Infections in Immunocompromised Patients Flashcards
(45 cards)
What is an immunocompromised host?
patient with intrinsic or acquired defects in host immune defenses that predispose to development of infectious complications
What are the risk factors for infection?
neutropenia, immune system defects, destruction of protective barriers, environmental contamination/alteration of microbial flora
What is neutropenia?
reduction in # of circulating neutrophils
absolute neutrophil count (ANC) less then 1000 cells/mm^3
severity, rate of decline, and duration of neutropenia affect mortality
What are immune system defects?
defects in cell-mediated immunity
defects in humoral immunity
What are destructions to protective barriers?
skin, mucous membranes, surgery
What are environmental contaminations/alterations of microbial flora?
transfer of organisms from patient to patient via health-care workers
contaminated equipment, water, and/or food
alteration of normal flora in hospital setting
What are risk factors for neutropenia?
high risk: ANC < 500 cells/mm^3
highest risk: ANC < 100 cells/mm^3
increased rapidity of decline = increased risk
increased duration = increased risk
highest risk with severe neutropenia >7-10 days
What are common pathogens associated with infections - bacteria?
s. aureus, s. epidermidis, streptococci, enterococcus spp., enterobacterales, P. aeruginosa
What are common pathogens associated with infections - fungi?
candida spp., aspergillus, zygomycetes (mucor, rhizopus)

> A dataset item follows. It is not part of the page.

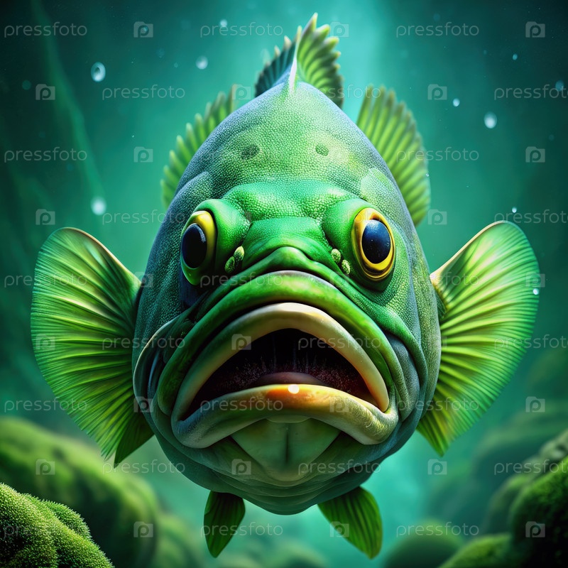 Зеленая рыба-террор плавает в спокойной подводной среде обитания в полдень

What are common pathogens associated with infections - viruses?
herpes simplex virus
varicella zoster virus
cytomegalovirus
What is cell mediated immunity?
T-lymphocytes (cytotoxic, helper, memory cytotoxic T cells)
primary defense against INTRACELLULAR pathogens
What is humoral immunity?
B-lymphocytes (plasma cells, memory B cells)
primary defense against EXTRACELLULAR pathogens
What causes defects in T-lymphocytes and macrophage function?
underlying disease (hodgkin’s lymphoma) and immunosuppressive drugs –> reduced ability of host to defend against intracellular pathogens
pathogens: listeria, nocardia, legionella, mycobacteria, CMV, VZV, HSV, PJP, C. neoformans, candida, histoplasma capsulatum
What causes defects in B-lymphocyte function?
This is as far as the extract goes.